Portugal está a viver um momento grave com as centenas de incêndios que deflagraram no continente e na região autónoma da Madeira. Só na semana entre 6 e 12 de Agosto arderam 96.477 hectares, 20 vezes mais do que tinha ardido desde o início de 2016. Ao momento da redacção deste artigo encontram-se activos quase meia centena de incêndios. Trata-se de uma situação excepcional que exige medidas excepcionais.
O governo português accionou, bem e a tempo, os acordos bilaterais de ajuda ao combate a incêndios e o mecanismo europeu de protecção civil. De Marrocos chegaram rapidamente dois aviões Canadair e da Rússia dois Beriev, aviões de grande capacidade. Da União Europeia chegaram dois Canadair espanhóis, país com o qual temos um acordo bilateral de combate a incêndios nas zonas de fronteira e com quem tradicionalmente temos uma cooperação bilateral nesta área, e um Canadair de Itália. França afirmou estar a considerar enviar meios.

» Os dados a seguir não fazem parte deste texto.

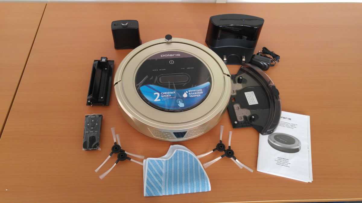 - Комплектация робота-пылесоса Поларис включает в себя все необходимые элементы.
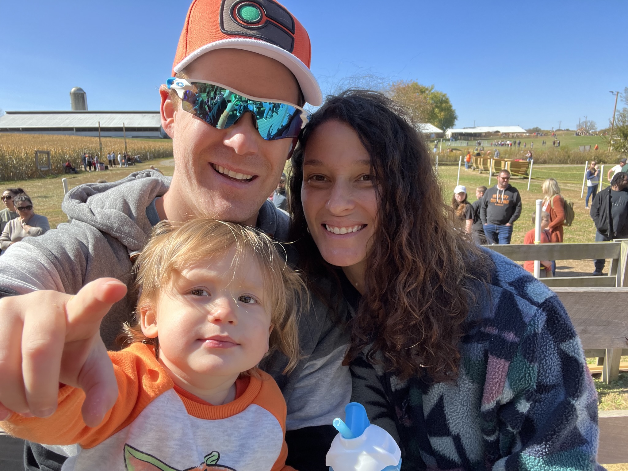 Color pencil drawing of a family selfie: a man in sunglasses and a baseball cap, a woman with long brown hair, and a toddler.

A «ajuda» da União Europeia é vergonhosa e demonstrativa da real «solidariedade» com que podemos dali contar. Tão vergonhosa que até o governo português sinalizou a crítica. A resposta política da UE, essa, chegou e foi lesta: «Neste momento vários Estados-membros estão a enfrentar graves incêndios florestais ou perigo extremo de incêndio florestal. Consequentemente, a disponibilidade de aviões é muito limitada». Se a falta de solidariedade é já por si grave, a mentira na resposta política é criminosa. Basta olhar para os dados e mapas do sistema europeu de informação de fogos florestais1 para chegar às seguintes conclusões: 1 - Portugal tem neste momento, sozinho, metade (101 mil hectares) de toda a área ardida na União Europeia; 2 - Os principais focos de incêndio concentram-se maioritariamente nos países que enviaram meios ou consideram enviar, Espanha, Itália e França; 3 - Portugal e Espanha, a par com a Grécia, são os países onde o risco de incêndio é máximo. Na Europa central e do norte o risco é baixo ou moderado. É caso para dizer a União Europeia não serve nem para apagar fogos. A sua resposta ao drama que estamos a viver bem poderia ser traduzida na expressão «deixa arder».